Der Begriff „Zeitenwende“ zog sich durch die Predigt von Dekanin i.R. Dr. Marlene Schwöbel-Hug – ein Begriff, der uns ganz aktuell aus dem Mund unseres Bundeskanzlers bekannt ist. Gerade der Palmsonntag, mit dem die Karwoche beginnt, markiert einen solchen Wendepunkt: „Welche Richtung nehmen wir? Gehen wir auf Hoffnung zu oder sorgen wir uns vor dem Sieg des Karfreitags?“ Der Gospel „On my journey home“ fügte sich in diese Ansprache ein. Mit der Aussicht auf Ostern nach dem Karfreitag, können wir in allem Schweren ein winziges Licht sehen, so Schwöbel-Hug.

Aus dieser Perspektive heraus gilt uns auch die Aufforderung „Be a blessing“ wie sie der mehrstimmig und im Kanon gesungene Gospel ausdrückte, den der Chor auf berührende Weise sang.

In den Dankesworten einer Chorsängerin wurde deutlich, was diesen Gospelprojektchor so besonders macht: Jeder kann sich in diesem Chor wohlfühlen, da es vor allem darum geht, mit Freude zu singen, in den Pausen den Austauscht mit anderen zu genießen und nach jeder Probe voller Energie nach Hause zu gehen.
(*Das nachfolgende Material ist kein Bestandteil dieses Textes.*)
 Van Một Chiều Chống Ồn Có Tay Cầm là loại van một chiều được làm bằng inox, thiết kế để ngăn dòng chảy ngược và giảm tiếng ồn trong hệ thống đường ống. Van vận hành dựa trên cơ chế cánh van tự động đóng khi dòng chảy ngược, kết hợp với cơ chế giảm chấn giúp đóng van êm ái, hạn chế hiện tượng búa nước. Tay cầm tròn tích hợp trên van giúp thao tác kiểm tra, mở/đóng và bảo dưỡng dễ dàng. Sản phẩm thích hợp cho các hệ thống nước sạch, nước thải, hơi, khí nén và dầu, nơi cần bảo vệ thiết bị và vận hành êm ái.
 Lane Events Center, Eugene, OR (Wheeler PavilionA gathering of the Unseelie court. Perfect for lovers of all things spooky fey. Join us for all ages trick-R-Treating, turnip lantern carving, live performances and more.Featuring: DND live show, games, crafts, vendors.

Mit nur vier Proben ist aus einer in jeglicher Hinsicht durchmischten Gruppe aus gut 30 begeisterten Sänger*innen aus ganz unterschiedlichen Gemeinden ein Chor geworden, der sich als große Gemeinschaft versteht.
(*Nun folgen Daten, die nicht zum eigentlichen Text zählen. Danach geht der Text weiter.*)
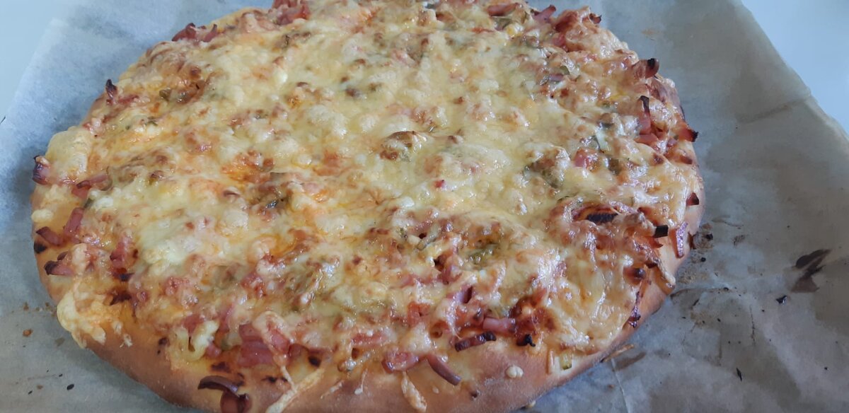 Опара: Смешиваем молоко, дрожжи, сахар, 3 столовые ложки муки и оставляем на 20 мин. Тесто: добавляем яйцо и оставшуюся муку и замешиваем тесто После того как тесто замешано - добавляем масло и месим еще раз - далее убираем на расстойку на 60 мин. Также можно замесить вечером и оставить на ночь в холодильнике. Пока подходит тесто готовим соус: обжариваем томат-пасту с чесноком и любимыми специями на Ваш вкус. Раскатываем тесто толщиной примерно 0,5 сантиметра, смазываем поверхность соусом. Поверх выкладываем любую начинку, у меня это были сосиски, солёный огурец тонкая сетка майонеза для сочности и побольше Вашего любимого сыра (у меня голландский) Отправляем в разогретую до 230 градусов духовку на 12-15 минут. (до готовности). Приятного аппетита! Пишите Ваши вопросы в комментариях - с удовольствием на них отвечу.
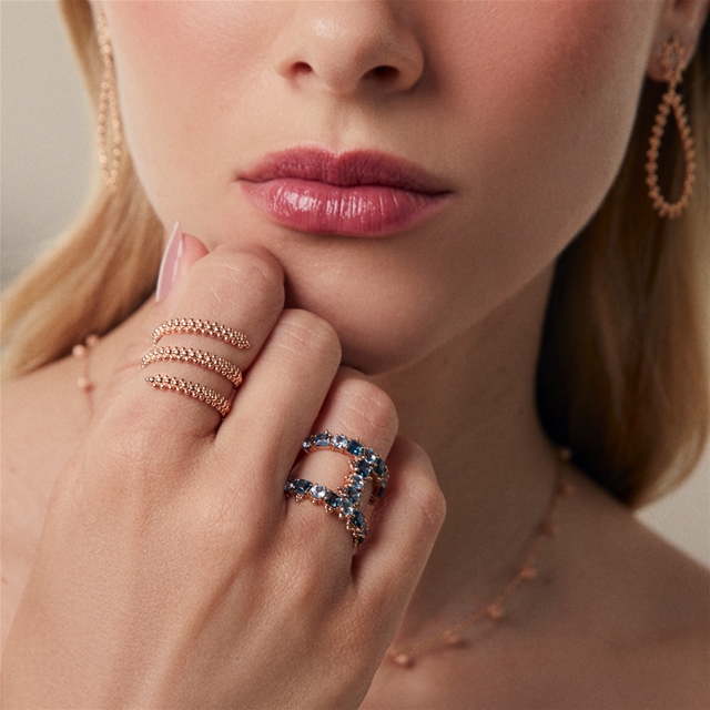 O Anel Abraça-me envolve o dedo com suavidade e movimento, em um desenho que traduz o gesto simbólico do acolhimento. As delicadas esferas em ouro 18K se entrelaçam em espirais contínuas, criando uma joia fluida e expressiva que reflete o equilíbrio entre forma e afeto.

Nach einem rhythmischen und sich harmonisch steigernden „Amen“ und mit dem Ohrwurm des Stücks „This little light of mine“ gingen die Gottesdienstbesucher in den sonnigen Sonntagnachmittag.





Töne und Texte im Advent 2022

Gemeinschaft, Musik, gute Geschichten, Plätzchen, Tee, Freude, Besinnlichkeit, Vielfalt - das zeichnet für die meisten Menschen Advent aus und genau so lässt sich auch das Adventskonzert "Töne und Texte im Advent" zusammenfassend beschreiben.
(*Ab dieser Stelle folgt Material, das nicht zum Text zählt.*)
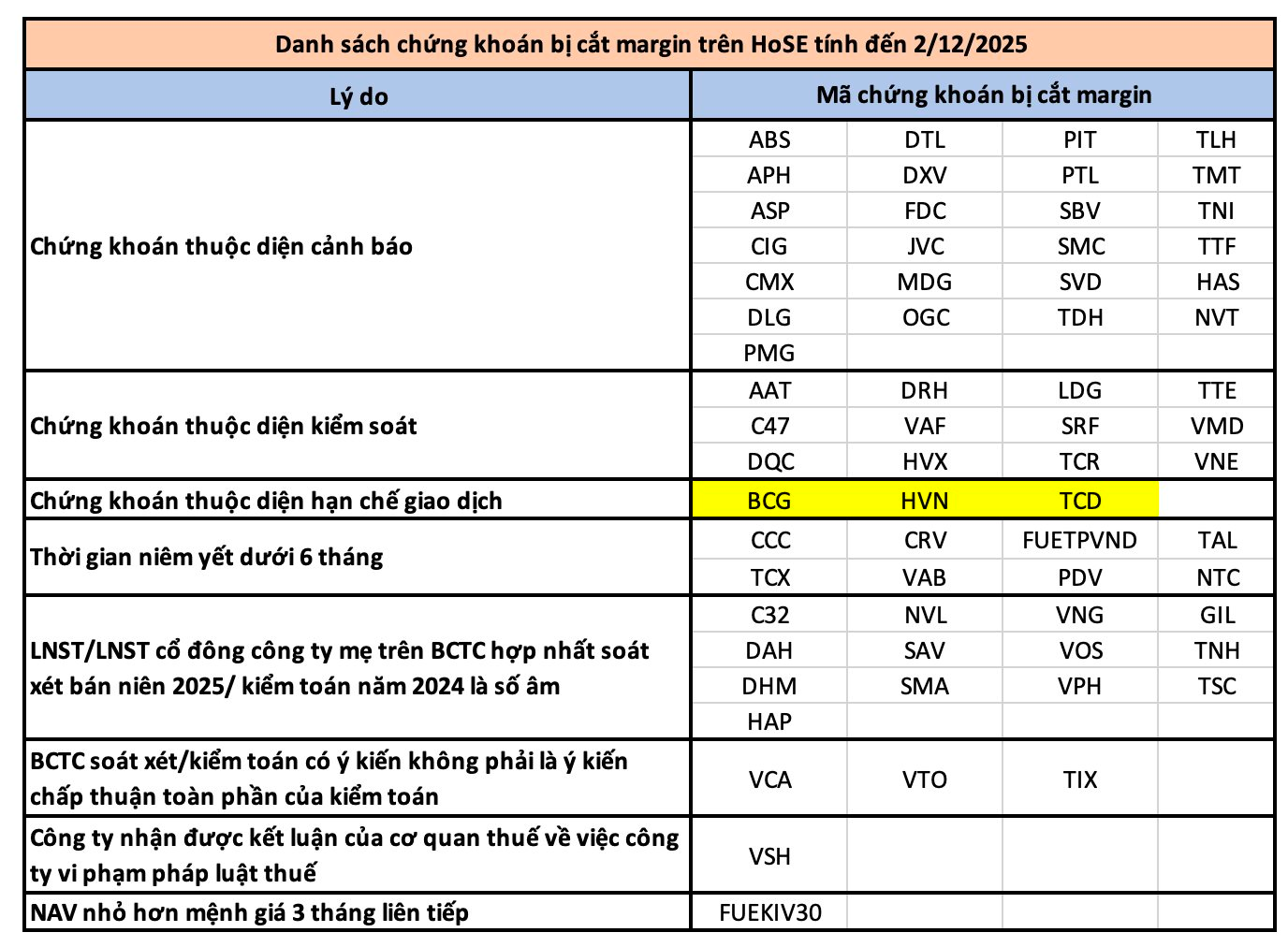 Tính đến ngày 2/12/2025, HoSE ghi nhận tổng cộng 66 mã nằm trong danh mục chứng khoán không đủ điều kiện ký quỹ. Danh sách này được xây dựng dựa trên nhiều tiêu chí gồm doanh nghiệp thuộc diện cảnh báo, kiểm soát, hạn chế giao dịch; báo cáo kiểm toán có ý kiến ngoại trừ; lợi nhuận sau thuế âm; hoặc thời gian niêm yết dưới 6 tháng. Nhiều mã quen thuộc tiếp tục góp mặt như BCG, HVN, NVL, LDG, OGC, TLH, NVT…, phản ánh tình trạng tài chính hoặc vấn đề kiểm toán tại các doanh nghiệp này.

Gospelchor, Kinderchor, Posaunenchor, Flötenkreis und die Bäänd bildeten, ergänzt mit adventlichen und besinnlichen Texten, einen hörbaren Ruhepol am Vorabend des zweiten Advents. Das musikalische Hörerlebnis reicht von alten Stücken wie z.B. der Weihnachtspastorale von Antonio Vivaldi über Gospels bis hin zu Liedern aus dem Krippenspielmusical, das dieses Jahr erstmals aufgeführt wird.

Zu Beginn zogen die beiden Chöre mit Kerzen zu "Jubilate Deo" in die dämmrige Kirche ein. Die Texte erzählten von einem Schäfchen mit Sprachfehler, einem spontanen Besuch von Jesus in der Küche und appellierten, nicht nur das zu glauben, was angenehm erscheint.

Alle Beiträge mündeten in das Adventslied "Macht hoch die Tür" in dem sich der moderne Rhythmus der Bäänd, feierliche Posaunenklänge, Orgel, Gemeindegesang, Kinder- und Gospelchor vereinten und so diesen adventlichen Abend klangvoll beschlossen.